When I haven't been at the Art Bank I've been in David Lee world.  David Lee is a poet from Texas who now lives in Utah.  Our St. Louis correspondent, Mark Twang, sent us a couple of David Lee's books along with a Copper Canyon Press CD with David Lee Reading from A Legacy of Shadows and News from Down to the Cafe.  Today's book of poetry will be dealing with Mr. Lee in the near future but I've been making the staff listen to his CD non-stop for the last couple of days.  Now everyone around here is running around with a David Lee accent.  Beer bottle on their hip.

The other good, but distracting, news is that the sun is out.  It really does feel like spring and when that happens most of us here in Ottawa get a little sun drunk.  Everyone in town will be out on patios and in shorts by noon.  For all I know it could snow again tonight.

So our morning read was slightly distracted, we opened all the doors and windows for the first time since October.  Kathryn, our Jr. Editor, made sure that we all cottoned onto the strong feminist voice that inhabits these poems.  Cameron isn't burning down the house with strident polemics, she's informing the house because they need to know.  Once Kathryn laid down the law Kat Cameron's poems worked their way around the room, humour popped out when we least expected it, along with Frankenstein, Cameron kept us well entertained.

from Camille

II. Le Baiser

Two bodies.

I long to stroke his back
the soft deep groove from neck
to ass.

His hand holds the hollow
of my hip.

I pull him towards me,
me leg angles
my body closer.

Fused marble.

One kiss banished the lovers to the
second circle of hell.

I wish I could banish Rodin
as easily.

...

Kat Cameron's Strange Labyrinth isn't really so strange at all.  These intelligent poems "examine the choices women make," flirt joyously with strange dancers, summon memory.  Strange Labyrinth is a powerful debut.
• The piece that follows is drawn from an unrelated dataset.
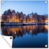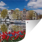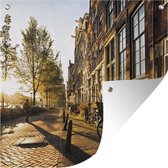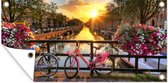 Toile de jardin Amsterdam - Fleurs - Pont - Vélo - Coucher de soleil - 100x100 cm

Today's book of poetry will be anxious to see more from Kat Cameron.

Kat Cameron

ABOUT THE AUTHOR
Kat Cameron was born in Swift Current, Saskatchewan. She completed an MA in Creative Writing at the University of New Brunswick and has worked as an ESL teacher in Japan, a substitute teacher, and an editorial assistant. Her poems and short stories have appeared in literary journals across Canada, including CV2, Descant, The Fiddlehead, FreeFall, Grain, Literary Review of Canada, Room, Prairie Fire, PRISM International, and subTerrain. She teaches English and writing at Concordia University College in Edmonton and is currently working on a poetry manuscript, "Lighting over Wyoming," with the assistance of an Alberta Foundation for the Arts Grant.

BLURBS
Strange Labyrinth moves across subtle moods and ideas, as if these were keys on a piano under the deft fingering of a virtuoso. Kat Cameron’s poems disturb our sense of time and distance, as figures in family history are simultaneously standing beside us and vanishing in the uncertain world of memory.” 
     ~Ross Leckie

“An accomplished debut. This is a collection of sweeping breadth with respect to subject matter, locale, and literary influence. Cameron writes poems of quiet elegance, and strategic feminism. Strange Labyrinth is imbued with the ghostly, yet grounded, idiosyncratic spirits of ancestors. Cameron is a poet to watch.”